▶ [Task description]: Leaving out all pictures, reproduce the entries below exactly, from the first line through the line that contains "Vahşi adam, evlatlarının".

Source data
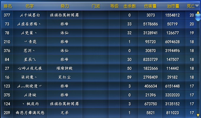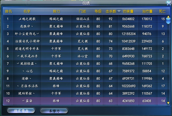 势力战战绩榜:
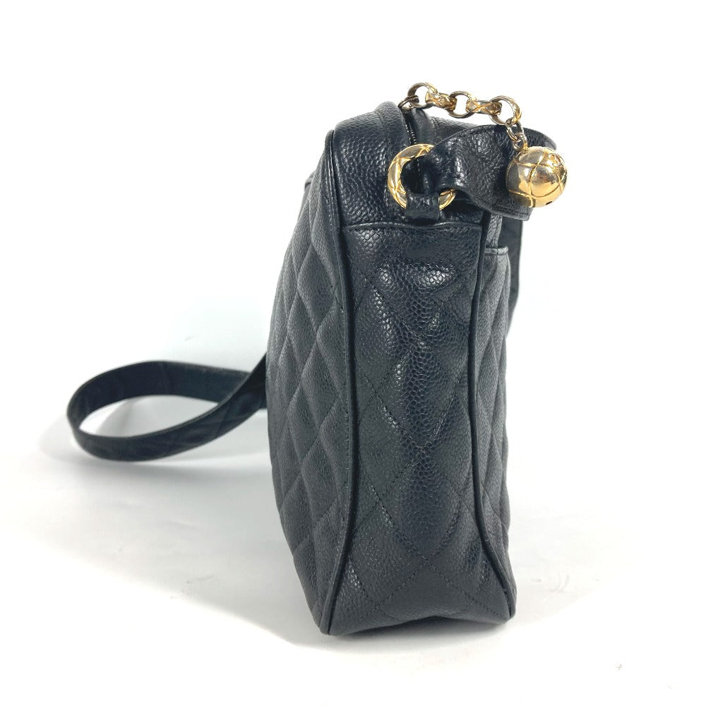 CHANEL Shoulder Bag Caviar skin black Vintage CC COCO Mark quilting matelasse Women Used
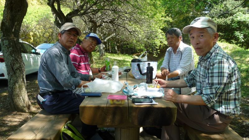 バスで黒羽中心部へ移動し、大雄寺~芭蕉公園~芭蕉の館~黒羽城址公園と句碑巡りをしながら途中某有名女優の観光キャンペーンスポットの竹林を通ってバスへ戻り、駐車場周辺の木陰で思い思いにランチ。木蔭と爽やかな風が相まって快適なひと時でした。
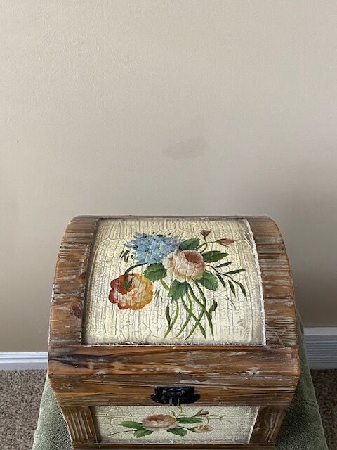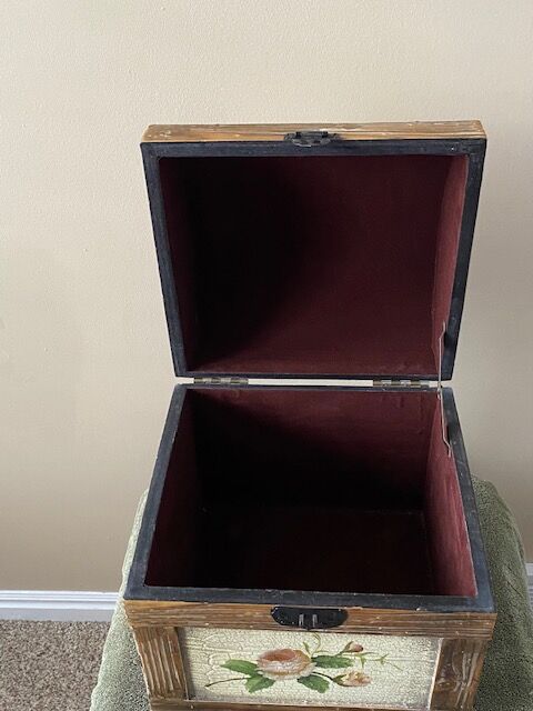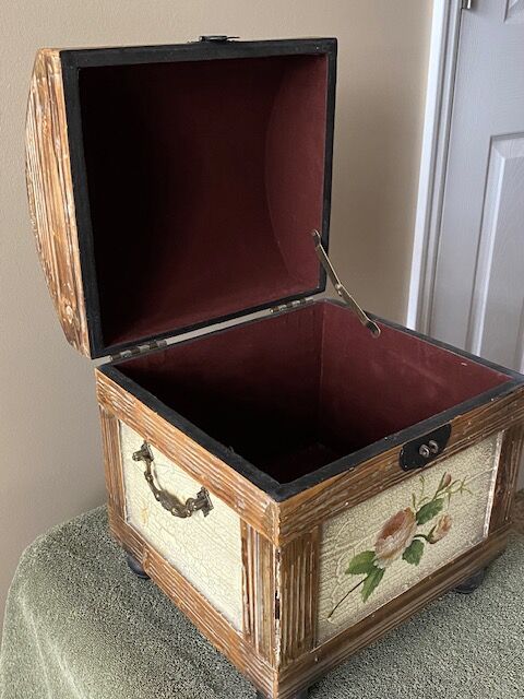 Vintage collectible camel-back, velvet-lined wooden trunk.
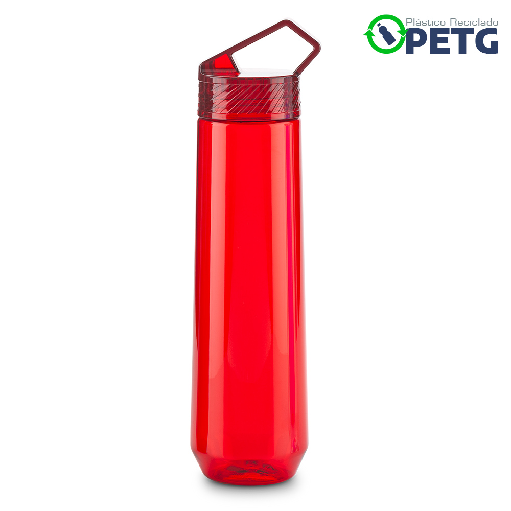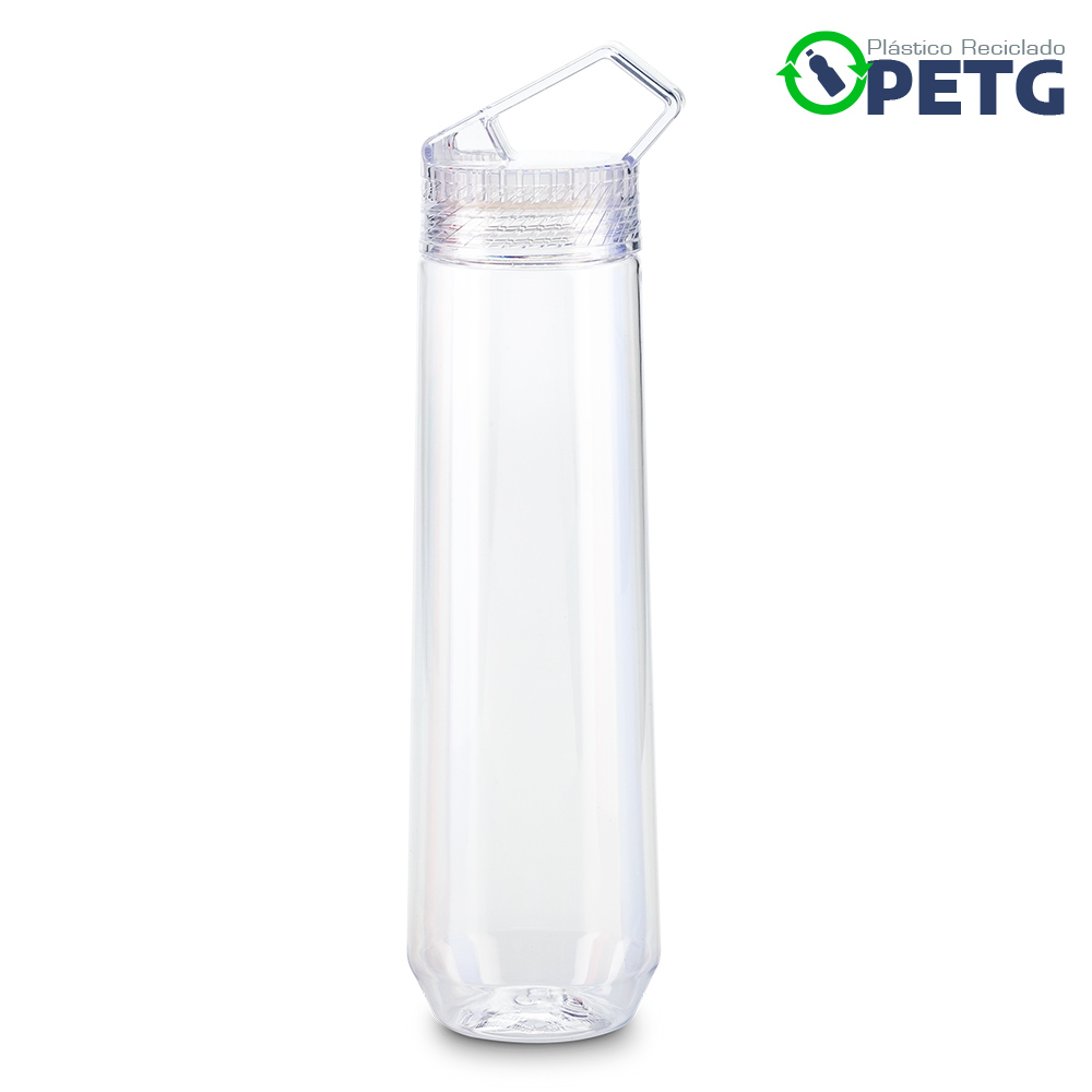 Elaborado en plástico reciclado PETG. Material de alta transparencia, mayor firmeza y durabilidad, libre de BPA, resistente al desgaste e impactos menores y reciclable. Mantiene líquidos tibios hasta 60°C. Tapa de rosca.
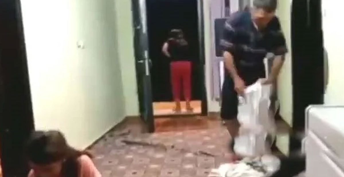 Vahşi adam, evlatlarının gözünün önünde ve çığlıklarına aldırış etmeden karısına bayıltana kadar vururken, o kabus anları çocuklardan biri tarafından cep telefonu kamerasıyla kaydedildi. annelerinin bayıldığına şahit olan çocuklardan birinin, babasına elindeki sopayla karşılık verdiği anlar da o görüntülerde yer aldı.
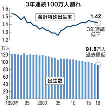 厚生労働省が7日に発表した人口動態統計によると、2018年に生まれた子どもの数(出生数)は91万8397人で過去最低を更新した。3年連続で100万人を割った。1人の女性が生涯に産む子どもの数にあたる合計特殊出生率は1.42と、17年から0.01ポイント下がった。低下は3年連続だ。晩産化や結婚をしない人が増えている影響が大きい。
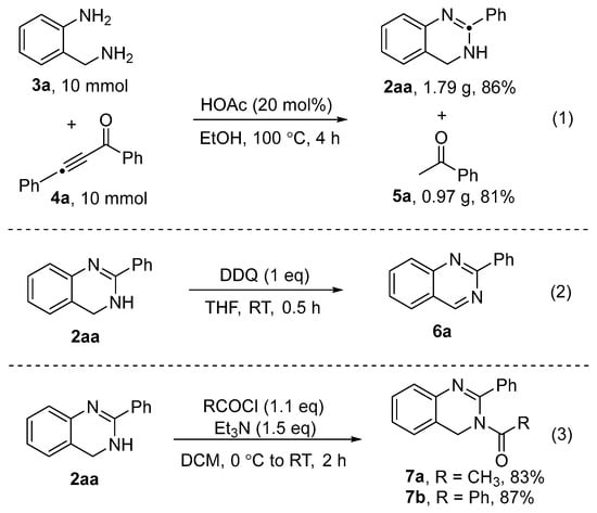 To validate the practicality of this acid-catalyzed cascade transformation, a gram-scale one-pot synthesis of 2-phenyl-3,4-dihydroquinazoline 2aa was carried out. Starting from 1.22 g of 3a (10 mmol) and 2.06 g of 4a (10 mmol), the reaction afforded 1.79 g of 2aa with an overall yield of 86% (Scheme 3, Equation (1)). Notably, the reaction also produced acetophenone 5a as a byproduct, which was isolated at an 81% yield. To further demonstrate the synthetic versatility of the obtained product, we explored its application in the preparation of quinazoline and acylated 3,4-dihydroquinazoline derivatives. The oxidation of 2aa using DDQ as an oxidant at room temperature resulted in the efficient formation of 2-phenylquinazoline 6a with a yield of 88% (Equation (2)). Additionally, 2aa underwent smooth acylation using acetyl chloride and benzoyl chloride as acylating agents to furnish the corresponding acylated products, 7a and 7b, with yields of 83% and 87%, respectively (Equation (3)).
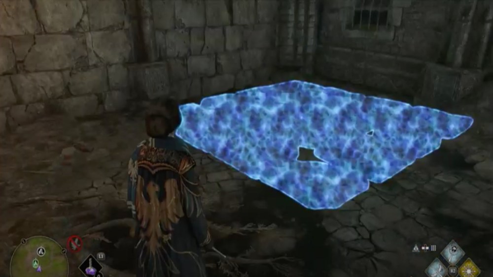Use Revelio to track down the cube on a nearby cliffside, hidden among some trees. Levitate it back over to the pedestal at the bottom of a stairwell lined with braziers. Cast Levioso on the cube to open the vault. Head down the stairs and through the winding corridor to a seemingly empty room. Cast Revelio to reveal portion of the floor shaded blue, and then stand on this spot.

▶ [Response box]:
 势力战战绩榜:
 CHANEL Shoulder Bag Caviar skin black Vintage CC COCO Mark quilting matelasse Women Used
 バスで黒羽中心部へ移動し、大雄寺~芭蕉公園~芭蕉の館~黒羽城址公園と句碑巡りをしながら途中某有名女優の観光キャンペーンスポットの竹林を通ってバスへ戻り、駐車場周辺の木陰で思い思いにランチ。木蔭と爽やかな風が相まって快適なひと時でした。
 Vintage collectible camel-back, velvet-lined wooden trunk.
 Elaborado en plástico reciclado PETG. Material de alta transparencia, mayor firmeza y durabilidad, libre de BPA, resistente al desgaste e impactos menores y reciclable. Mantiene líquidos tibios hasta 60°C. Tapa de rosca.
 Vahşi adam, evlatlarının gözünün önünde ve çığlıklarına aldırış etmeden karısına bayıltana kadar vururken, o kabus anları çocuklardan biri tarafından cep telefonu kamerasıyla kaydedildi. annelerinin bayıldığına şahit olan çocuklardan birinin, babasına elindeki sopayla karşılık verdiği anlar da o görüntülerde yer aldı.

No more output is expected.